Once the line with "一年生で究極の早生まれのため" is reached, output it and every line after it, exactly, through the end of the records below. Pictures are skipped.

===== Records to use

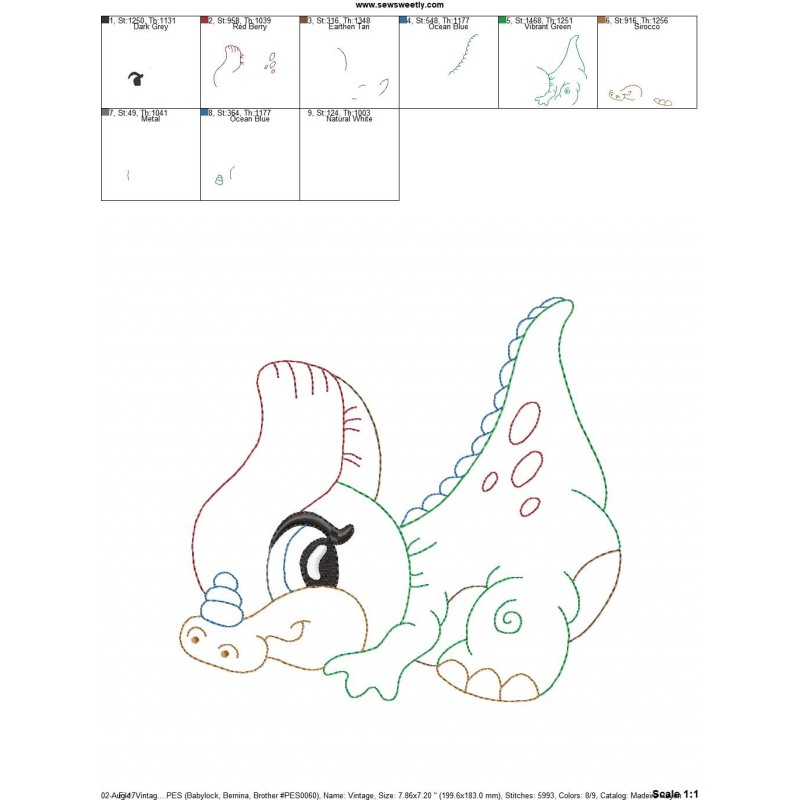 This Embroidery Design Set Includes 10 Cute Vintage Stitch Baby Dinosaurs Embroidery Designs.
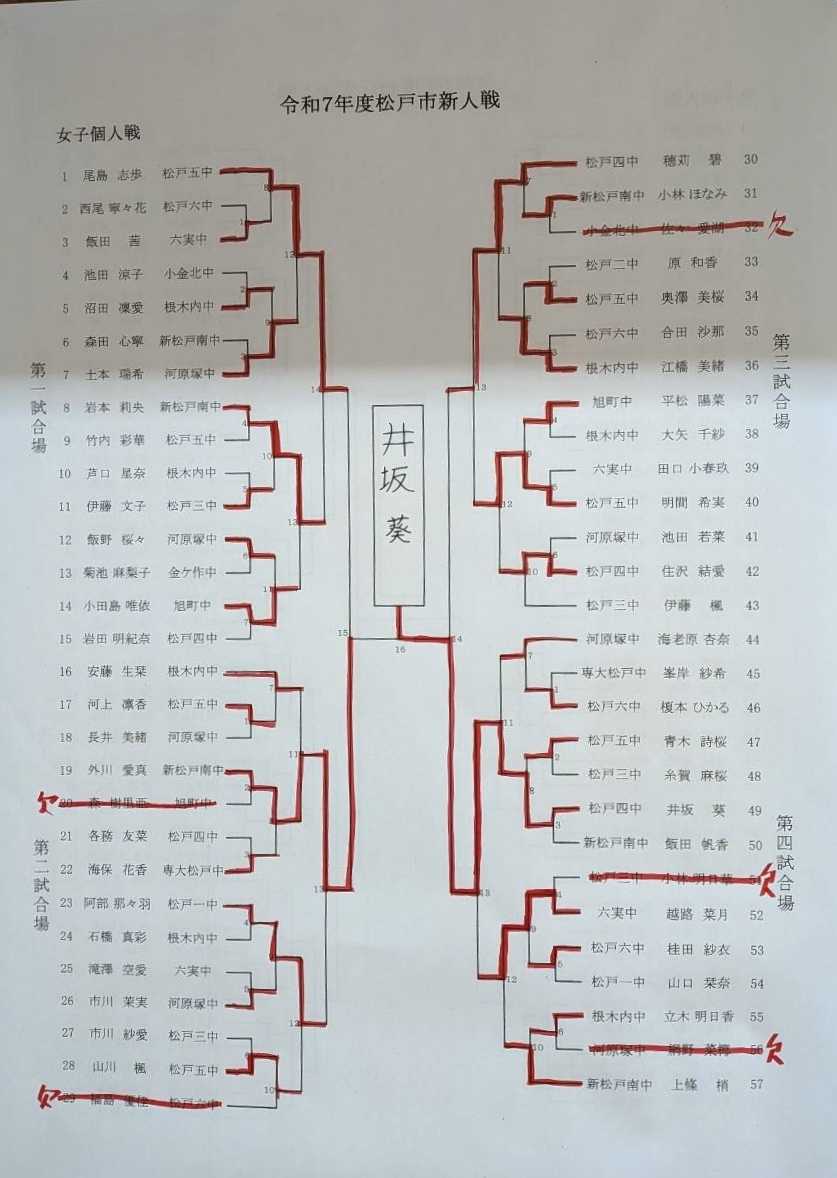 一年生で究極の早生まれのため、この子が小6だったら、と春先の試合を見てて何度も思いましたけどね。力強さも伴ってきて、そろそろ行けるかな?って思ってたけど、惜しくも準優勝でした この1〜2学年の女子の小学生時代2年生は内村さんが松戸市強化指定選手で代表入りしてましたが、中学は都内私立に進学してますし、もう一人の強化指定選手の小林選手は欠場。1年生は5人と過去最多の強化指定選手がいて、上田さん、青木さん、外川の三人が小学生時代の代表選手。他にも穂苅さん、各務さんが市内個人の優勝経験者です。抜群のセンスを持ってた上田さんは音楽を選択。外川と穂苅さんは伸び盛りって感じです。青木さんも機会の捉え方がとても上手く、各務さんは勢いがあります。優勝は2年生の井坂さん、松牧の阿部先生とこに居た子かな。県大会頑張ってください。新南男子は稽古不足が否めず、個人団体共に3位に甘んじてしまい、久々に男子県大会出場者無しとなりました。負けた日に稽古に来たのは、吉井、垂井の2人。可能性は2人にはあるかもだけど、ちょっと遅いよねぇー普段は、基本稽古しないで、地稽古数回だけして、早めに上がります。一生懸命稽古してるのはいつも四中女子達で、これって新南中やばいですよねーって話題にはなってました。差はね、団体としては、リーダーが不在なんだと思いますよ。個々は仲良し会だしね。今回、審判受けなかった理由一生懸命やらない子達に、仕事休んでまで行く気になれませんでした🤔まっ、今回に関しては、想定通りってことですねー愛真以外は初心者の女子新南中が第3位に入賞㊗️一年生が沢山入部!団体戦も組めて良かったですね^_^夏は県大会出場を目指して頑張ってください🤗
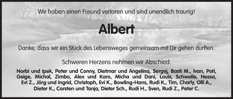 Hier finden Sie alle Traueranzeigen aus der Zeitung, die bisher für Albert Weiß erschienen sind. Weitere Traueranzeigen, die in der Zeitung erscheinen, werden hier ebenfalls aufgelistet
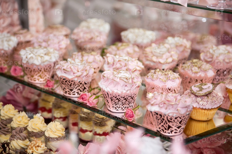 Вкусные десерты на свадебном конфет-баре в зоне буфета: кексы, украшенные ангелами, розовые сахарные пузыри и золотая краска
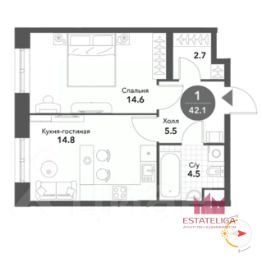 Id 56099. Продаются апартаменты общей площадью 42,1 кв.м. в комплексе бизнес-класса Voxhall.
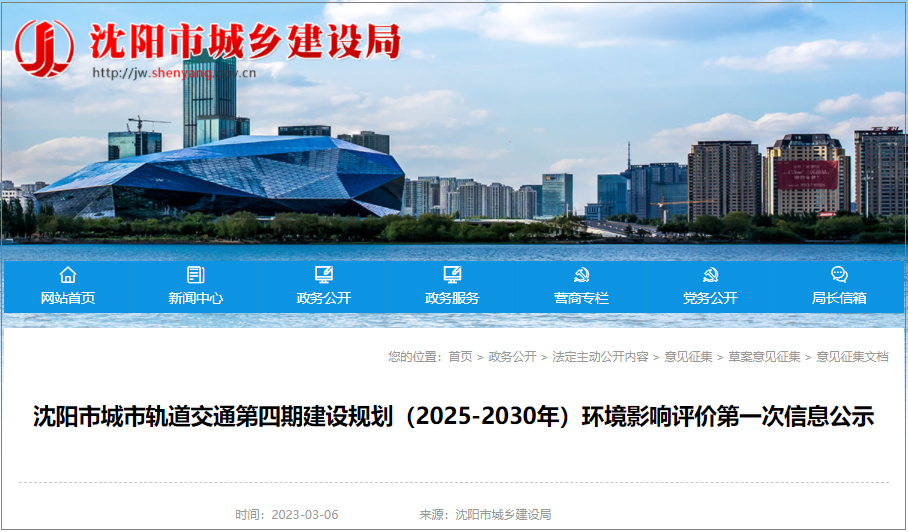 On March 6, 2023, the Shenyang Urban and Rural Construction Bureau made the first information publicity on the environmental impact assessment of the fourth phase of Shenyang urban rail transit construction planning (2025-2030).

==========

Output:
 一年生で究極の早生まれのため、この子が小6だったら、と春先の試合を見てて何度も思いましたけどね。力強さも伴ってきて、そろそろ行けるかな?って思ってたけど、惜しくも準優勝でした この1〜2学年の女子の小学生時代2年生は内村さんが松戸市強化指定選手で代表入りしてましたが、中学は都内私立に進学してますし、もう一人の強化指定選手の小林選手は欠場。1年生は5人と過去最多の強化指定選手がいて、上田さん、青木さん、外川の三人が小学生時代の代表選手。他にも穂苅さん、各務さんが市内個人の優勝経験者です。抜群のセンスを持ってた上田さんは音楽を選択。外川と穂苅さんは伸び盛りって感じです。青木さんも機会の捉え方がとても上手く、各務さんは勢いがあります。優勝は2年生の井坂さん、松牧の阿部先生とこに居た子かな。県大会頑張ってください。新南男子は稽古不足が否めず、個人団体共に3位に甘んじてしまい、久々に男子県大会出場者無しとなりました。負けた日に稽古に来たのは、吉井、垂井の2人。可能性は2人にはあるかもだけど、ちょっと遅いよねぇー普段は、基本稽古しないで、地稽古数回だけして、早めに上がります。一生懸命稽古してるのはいつも四中女子達で、これって新南中やばいですよねーって話題にはなってました。差はね、団体としては、リーダーが不在なんだと思いますよ。個々は仲良し会だしね。今回、審判受けなかった理由一生懸命やらない子達に、仕事休んでまで行く気になれませんでした🤔まっ、今回に関しては、想定通りってことですねー愛真以外は初心者の女子新南中が第3位に入賞㊗️一年生が沢山入部!団体戦も組めて良かったですね^_^夏は県大会出場を目指して頑張ってください🤗
 Hier finden Sie alle Traueranzeigen aus der Zeitung, die bisher für Albert Weiß erschienen sind. Weitere Traueranzeigen, die in der Zeitung erscheinen, werden hier ebenfalls aufgelistet
 Вкусные десерты на свадебном конфет-баре в зоне буфета: кексы, украшенные ангелами, розовые сахарные пузыри и золотая краска
 Id 56099. Продаются апартаменты общей площадью 42,1 кв.м. в комплексе бизнес-класса Voxhall.
 On March 6, 2023, the Shenyang Urban and Rural Construction Bureau made the first information publicity on the environmental impact assessment of the fourth phase of Shenyang urban rail transit construction planning (2025-2030).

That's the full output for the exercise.